[Data excerpts]
--- START ---

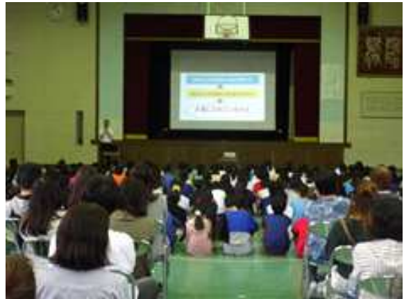
〈親子人権学習会の様子〉
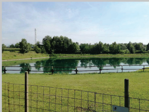
C - laghetti di Villesse, Villesse
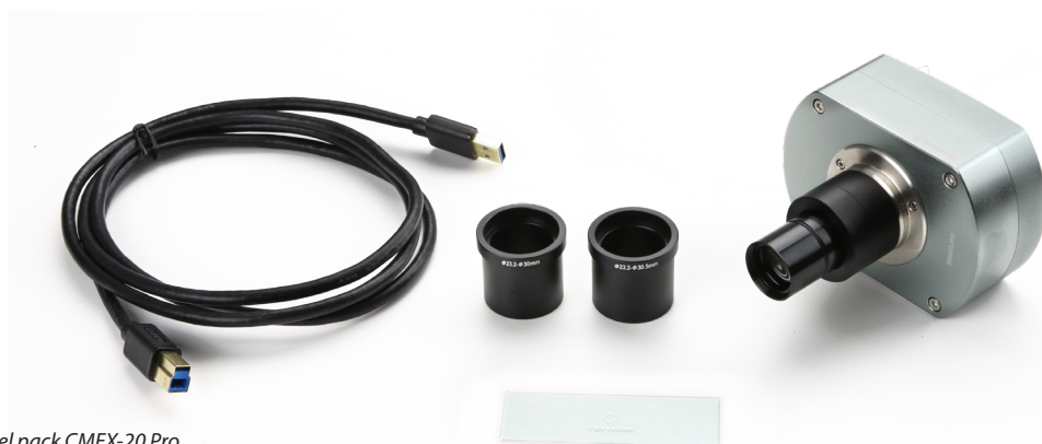
● Contenuto del pack CMEX-20 Pro
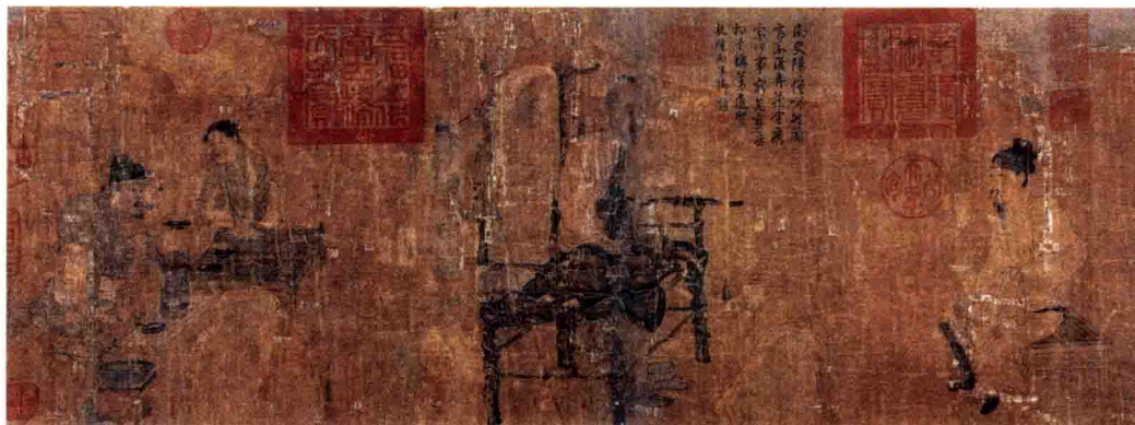
唐 佚名 萧翼赚兰亭图
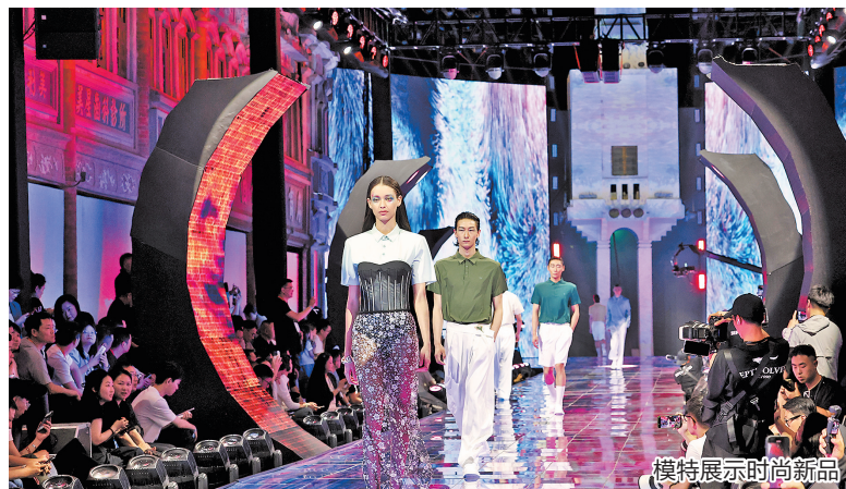
模特展示时尚新品
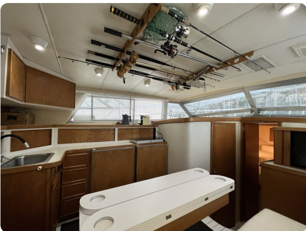
Bertram 33 Sport Fisherman9

--- END ---

#### EXERCISE DETAILS
The records above are to be repeated exactly, with the pictures left out.

#### RESPONSE TO THIS TASK
〈親子人権学習会の様子〉
C - laghetti di Villesse, Villesse
● Contenuto del pack CMEX-20 Pro
唐 佚名 萧翼赚兰亭图
模特展示时尚新品
Bertram 33 Sport Fisherman9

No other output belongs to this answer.